Long-distance footpath in England

The Windermere Way is a 45-mile circuit of Windermere, a lake in the English Lake District. The route is wholly within the Lake District National Park and takes in the summits of Wansfell, Loughrigg Fell and Gummer's How as well as passing through the towns of Ambleside and Windermere.

==History and status ==
The Windermere Way is an unofficial route and mostly follows footpaths and bridleways. There are short stretches of road walking. The route can be broken down into four easy stages with an easy return to your starting point using the Windermere Ferry or the Lake Steamers.

==Route==
The walk circumambulates Windermere and includes just about all the accessible lake shore paths together with ascents of the high points around the lake.

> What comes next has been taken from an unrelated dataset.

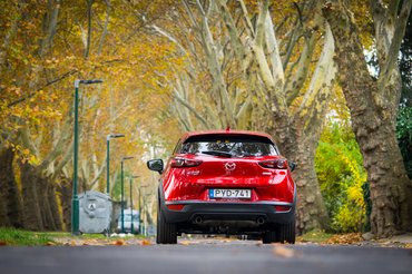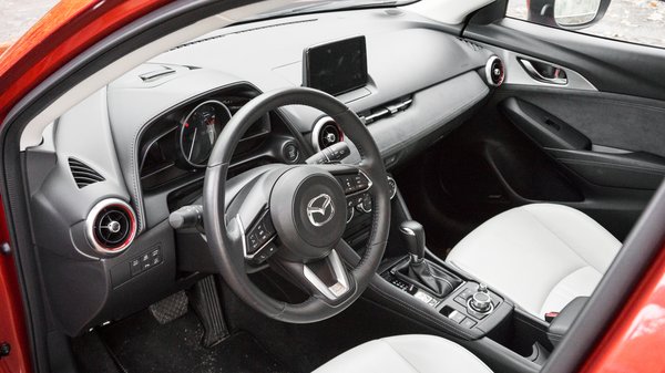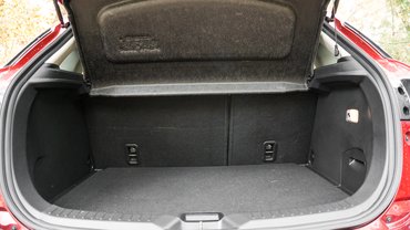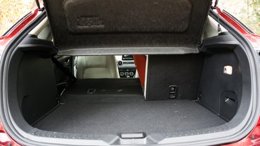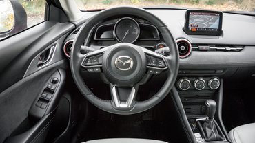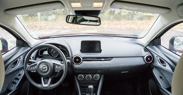A csomagtartója csak 14 literrel kisebb (350 liter), mint a 3-asé, de ez csak valami számolós trükk lehet. Nyilván bele van számolva az a két centis mélységű rekesz, amivel sík padlójú csomagteret imitál. A tengelytáv a Mazda2-esé, az autó hosszabb vagy 10 centivel, ezért nagyobb a csomagtartója. De csak magasabb, és nem jobb - a 3-as csomagtartójába sokkal jobb pakolni. Itt látszik, hogy nem a semmire kapta a CX-3 a Red Dot díjat Németországban: ugyanolyan ügyesen imitál nagyobb állatot, mint amikor a kutyák felborzolják a szőrüket.

The route is broken down into four sections that most people will manage in a day’s easy walking. The Windermere to Ambleside walk starts at Bowness Bay and follows the lake shore northwards before ascending Orrest Head, dropping down again to cross Trout Beck then taking to the high fell tops, visiting Wansfell Pike the highest point on the walk.

Between Ambleside and Ferry House, the walk starts by climbing Loughrigg Fell, then drops down again past Loughrigg Tarn and on to a pleasant lakeside stroll by Wray Castle. It then climbs steeply again, to give views from Claife Heights, finishing at Ferry Nab.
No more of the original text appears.